# Enlarging color negatives with B&W enlarger



## Brutus (Sep 1, 2010)

So I have some color negatives that I'd like to print, but I only have access to a B&W enlarger and grey scale photosensitive paper. Is there a way to enlarge and print the color negatives as if they were B&W successfully?


----------



## compur (Sep 1, 2010)

Kodak used to make a paper for just this purpose called Panalure but it was
discontinued about 5 years ago.  It does show up from time to time on eBay
and, if not too old and if properly stored, that would be one solution.

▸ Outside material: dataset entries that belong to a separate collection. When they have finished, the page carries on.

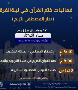 بفضل الله تعالى، تم في ليلة الأربعاء ١٧ رمضان ١٤٤٥هـ، ختم القرآن الكريم في صلاة التراويح في دار...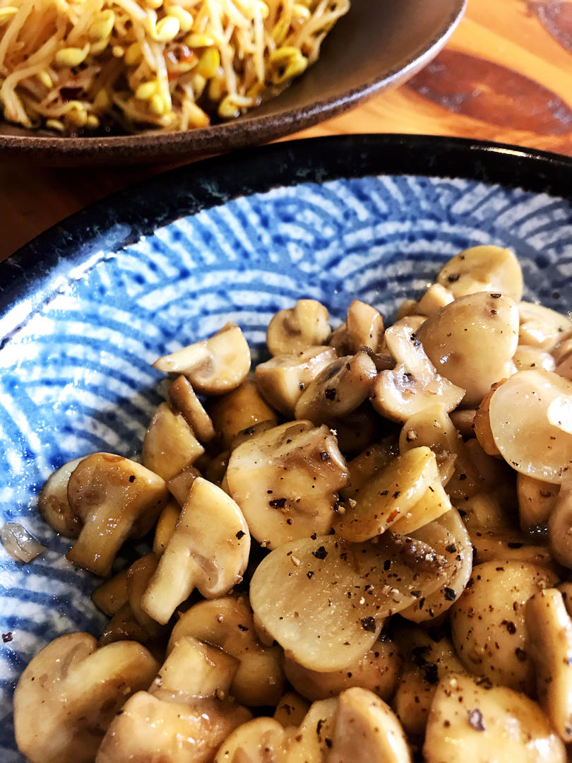 黑椒口蘑🍄和凉拌黄豆芽,最近体重秤上的数字让人好忧伤😭从今天开始饭要少菜要素💪💪#午餐•2020...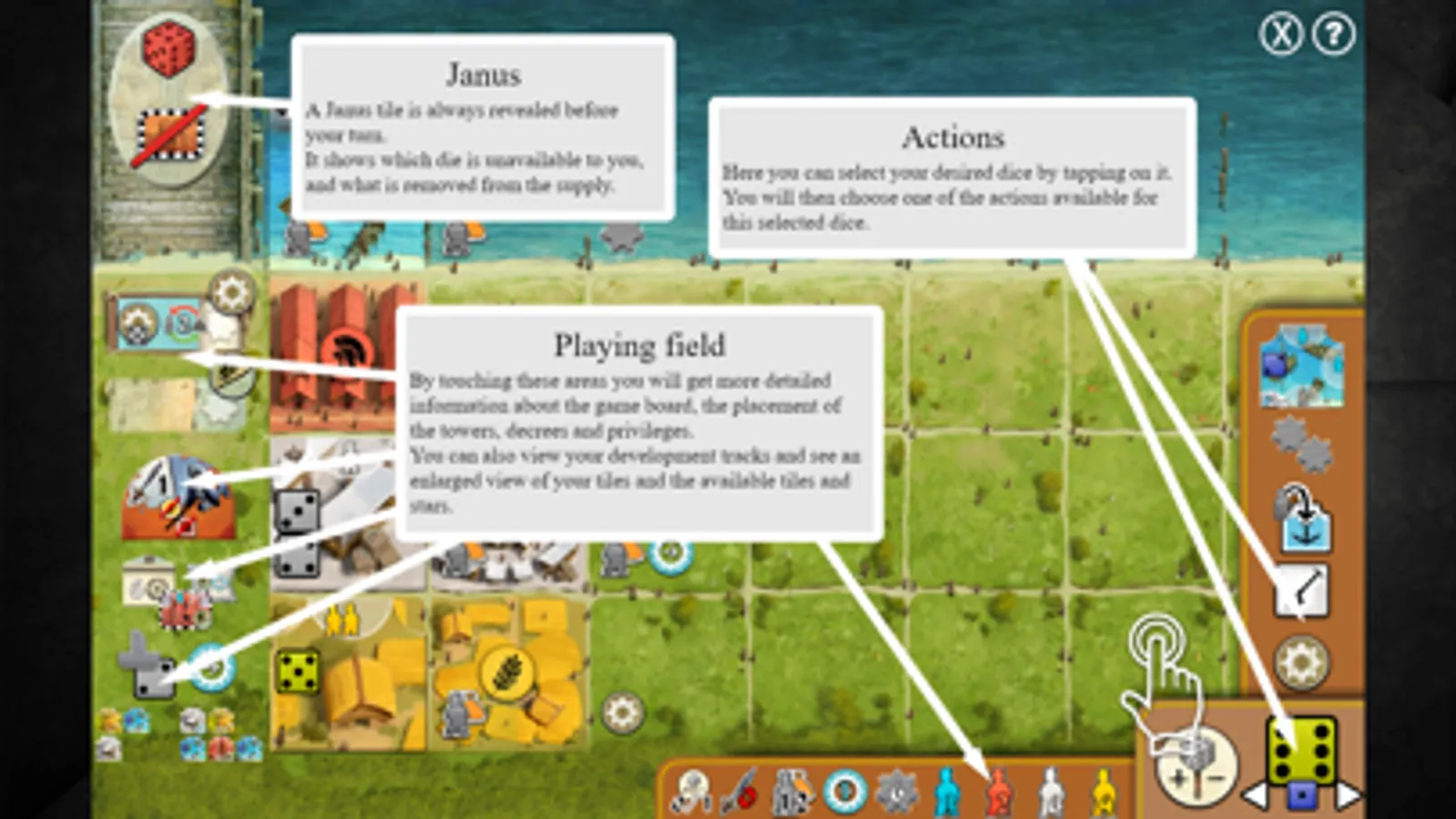 In 'Discordia', you develop your city by building farms, barracks, defenses, harbors, and markets, and by trading with ships. Use your seamen, soldiers, merchants, and farmers profitably, fulfill decrees, and secure privileges — acting carefully at all times so that your city grows neither too fast nor too slow. Will you have the best-developed city at the end of the fourth year and score many points, or will you manage to impress the empress before then and win the game early?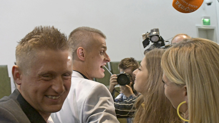 Po 18 latach pobytu w więzieniu Tomasz Komeda decyzją Sądu Najwyższego został uniewinniony a wyrok został uchylony. Na sprawę przybyła rodzice i liczna rodzina. Zdjęcie artykułu -.radość po ogłoszeniu wyroku przez Sąd Najwyższy.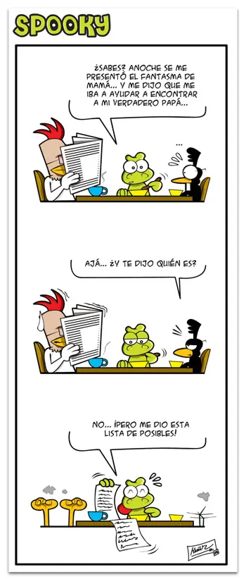 La cuarta tira que voy a recomendar es Spooky (visitala en http://www.alexmh.com/la-tira-de-spooky/) En esta tira se nos narran las aventuras (sexuales en su mayoria) de una lagartija? llamado Spooky que tiene una gran debilidad por las mujeres y las ovejas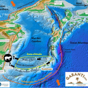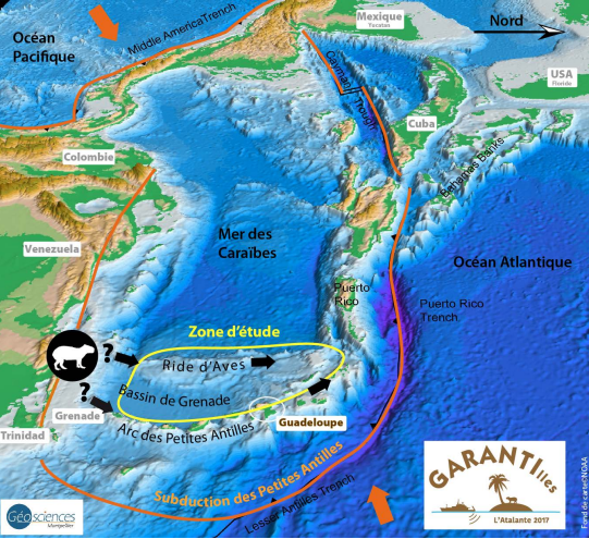 La zone couverte s’étend sur 700 km de latitude et 300 km de longitude. Elle couvre un domaine sous-marin qui comprend un haut-fond allongé appelé Ride d’Aves et le Bassin de Grenade plus profond. La campagne GARANTI, dirigée par deux membres du laboratoire Géosciences Montpellier, rassemble de nombreux chercheur.es et ingénieur.es de ce laboratoire ainsi que des laboratoires partenaires, notamment le Laboratoire Géosciences Océan.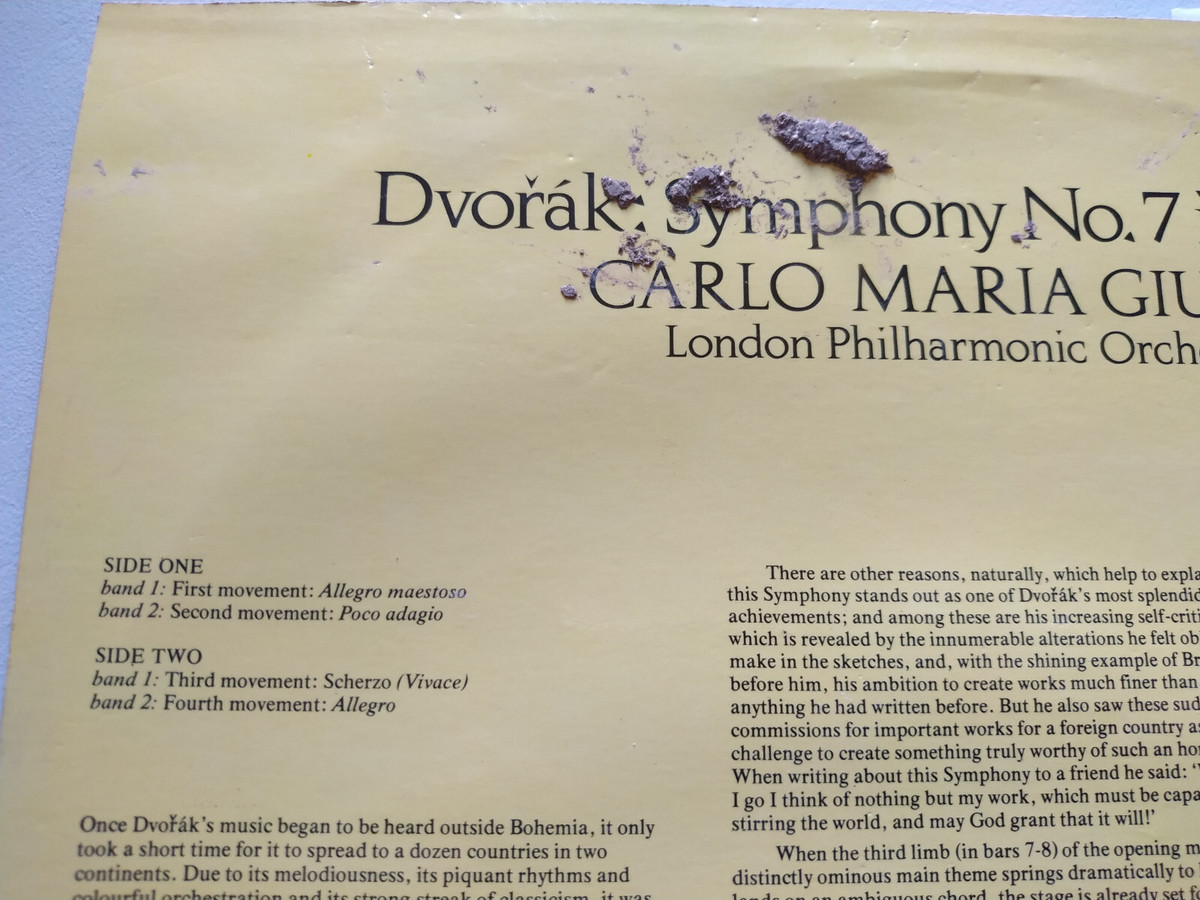 Dvorak Symphony 7 in D Minor Carlo Maria Giulini 1977 - LP 12" Vinilo VG/VG Am

Otherwise, here are some tips from Ilford on using their MG IV paper for
this purpose:
ILFORD PHOTO - Printing from Colour Negatives


----------



## djacobox372 (Sep 3, 2010)

Try it and see what happens... it should work fine as along as you avoid variable contrast paper.


----------



## oldmacman (Sep 3, 2010)

On regular BW paper the shots will be grainy. The layers of colour in the negative can act as contrast filters when you are exposing. You can still get some interesting effects. I'd definitely run test strips so you have an idea of what you'll be getting.


----------



## ann (Sep 4, 2010)

yes
and be prepared for longer printing times and issues with contrast. You will need to boost the contrast filter at least 3.5

i have students who make lovely prints this way; as anything else in the darkroom it just takes patience and lots of practice.


----------



## Brutus (Sep 4, 2010)

Thanks for the responses. I'll have to try just adding a contrast filter and seeing what happens.


----------